I have always found it curious that certain songs bring me back to precise moments in my life.
One might think that these moments would be ones of intense emotions, imprinted on the mind because of their impact and importance. But more often than not, songs bring me back to mundane moments and seemingly banal snippets of my memory.
Vividly, I remember walking down CoRo listening to Pearl Jam’s “Hold On.” As I was walking to the stop to head into town, I saw two of my friends. After a brief smile and a wave, the interaction was over and I headed on my way. That is where the memory ends.
I remember sitting in my forced-triple room in Cheverus doing calculus homework listening to “Think” by Kaleida on repeat. I remember glancing out the window as the dry February air whipped tree branches and snow violently about. But the sun was shining. And I can almost picture the exact problem I was doing at the time.
During my senior year of high school, I remember walking into my house one day to be greeted by Frank Sinatra’s “Witchcraft” as Sinatra sings the verse, “And I’ve got no defense for it / The heat is too intense for it / What good would common sense for it do?” The memory seems to end as I place my keys on the table.
Further back I remember with the utmost clarity sitting on the bus on my way to school listening to Alice in Chain’s “Man in the Box.” As the bus rolled up to the next stop and rain continued to flood the street and more heated bodies began to pack into the seats, the windows began to fog.
Most of these seem like ordinary events in my eyes.
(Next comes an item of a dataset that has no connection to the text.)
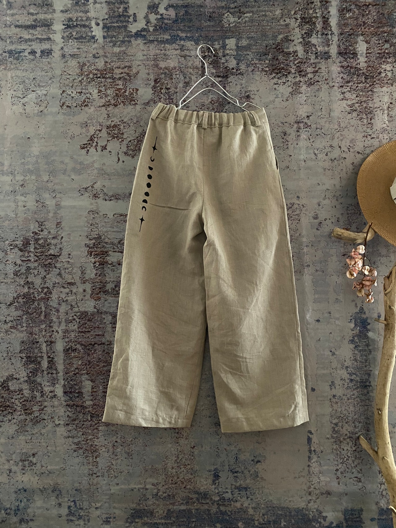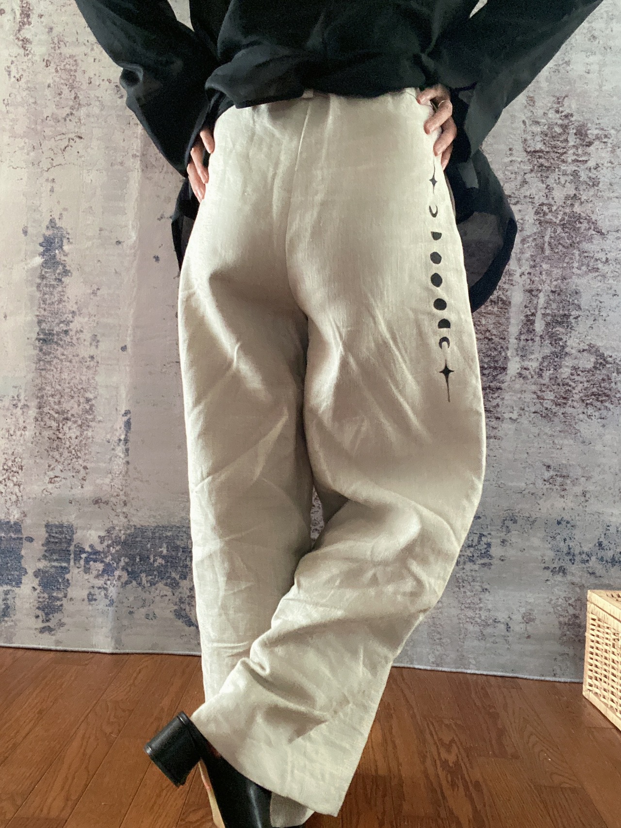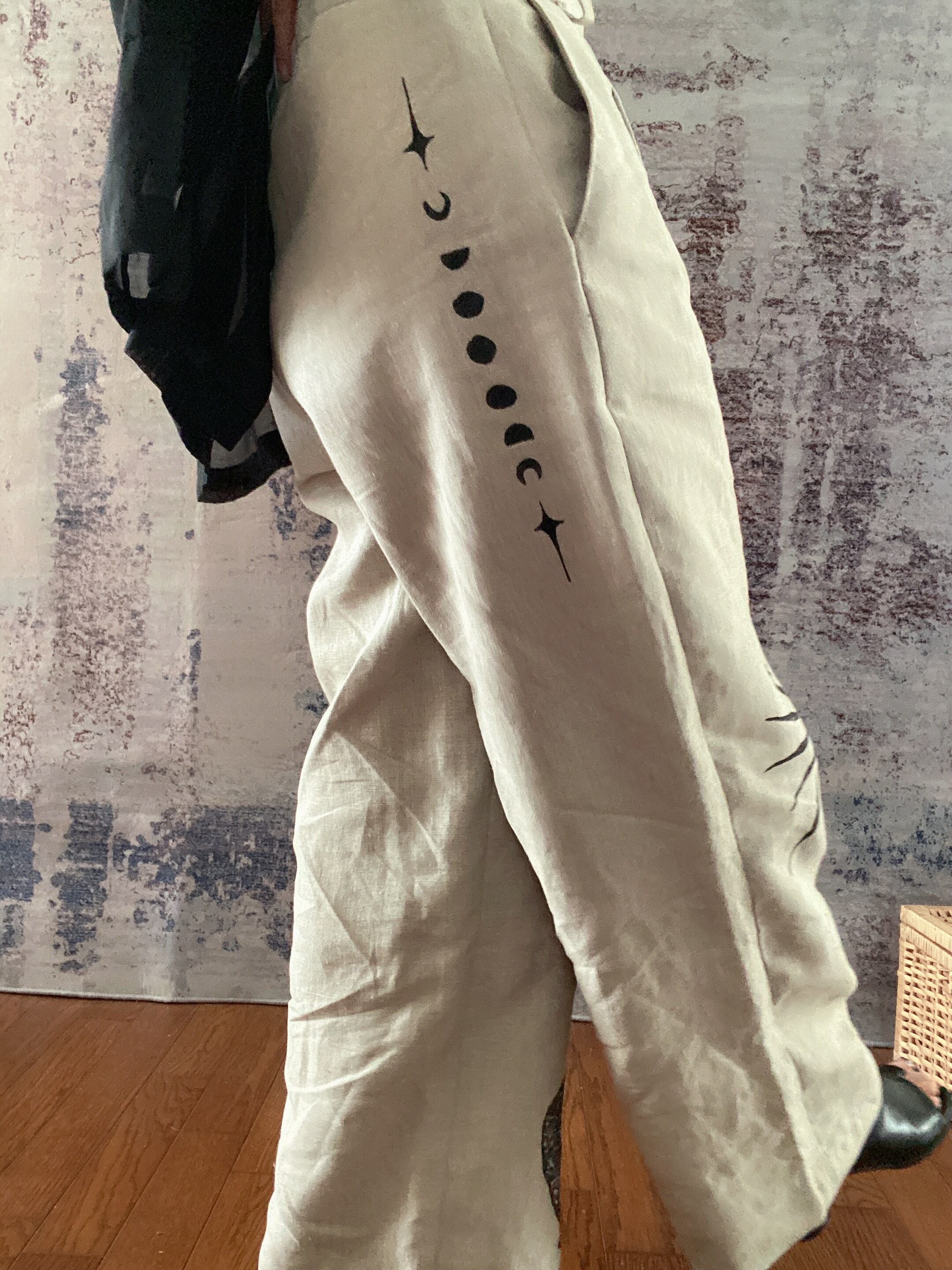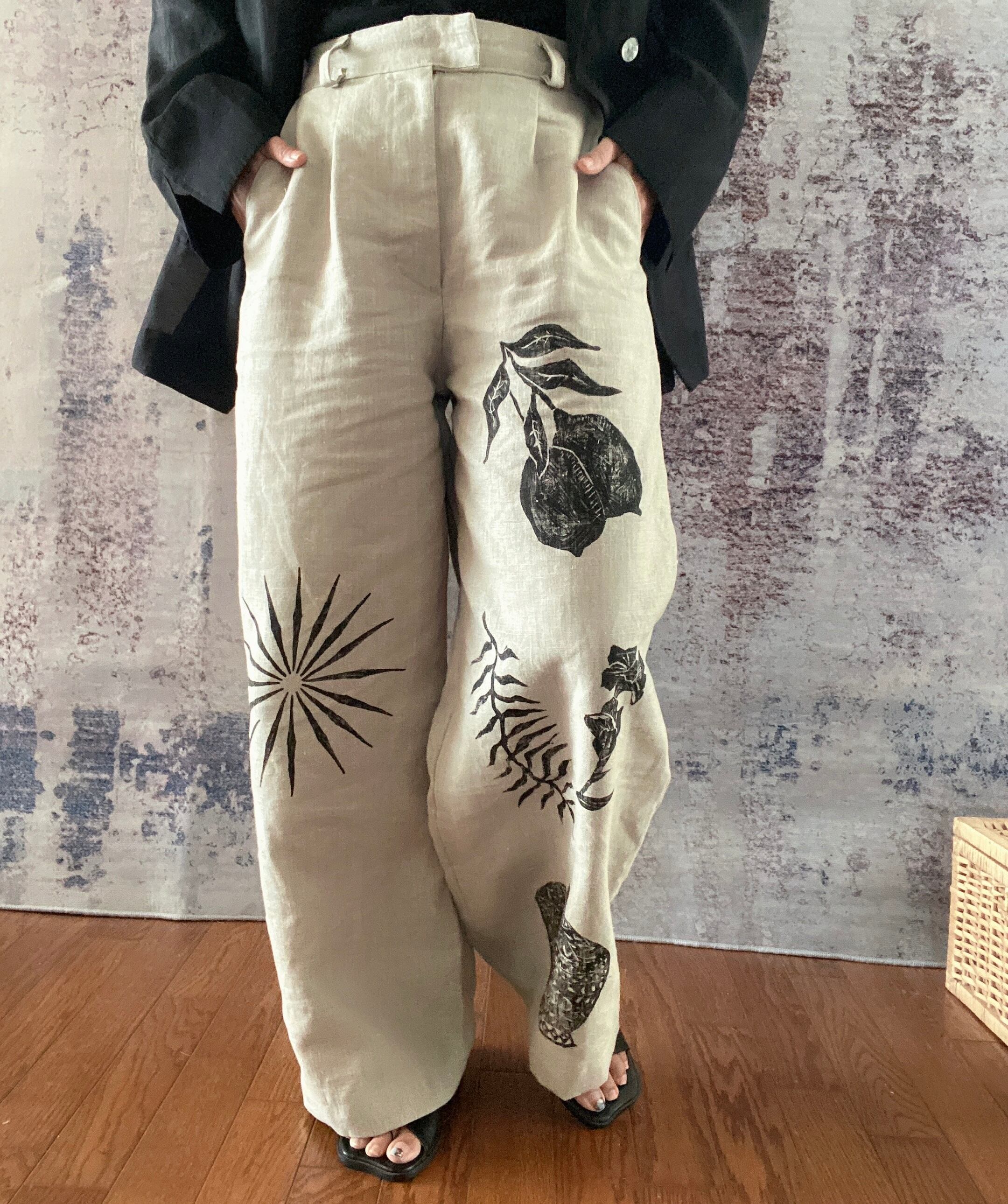 リネン麻ワイドパンツブロックプリントハンドメイドリメイクレモン花柄月星

This led me to wonder why I have them as memories. I suppose we never really know when we are forming memories, that is, when we are making lasting connections within our neural framework, but it still begs the question. Why did my subconscious value these moments?
When thinking of memories, I believe we often consider the circumstances around what we were doing in those moments. The things we recall are everything happening around us. These are family gatherings, holidays, and graduations. But those things are just tethers to the emotional state we were in. For memories, the most valuable aspect of these small recollections is the tether to the emotional world. We can recreate the circumstances, but the memory is used to link to a unique emotional state.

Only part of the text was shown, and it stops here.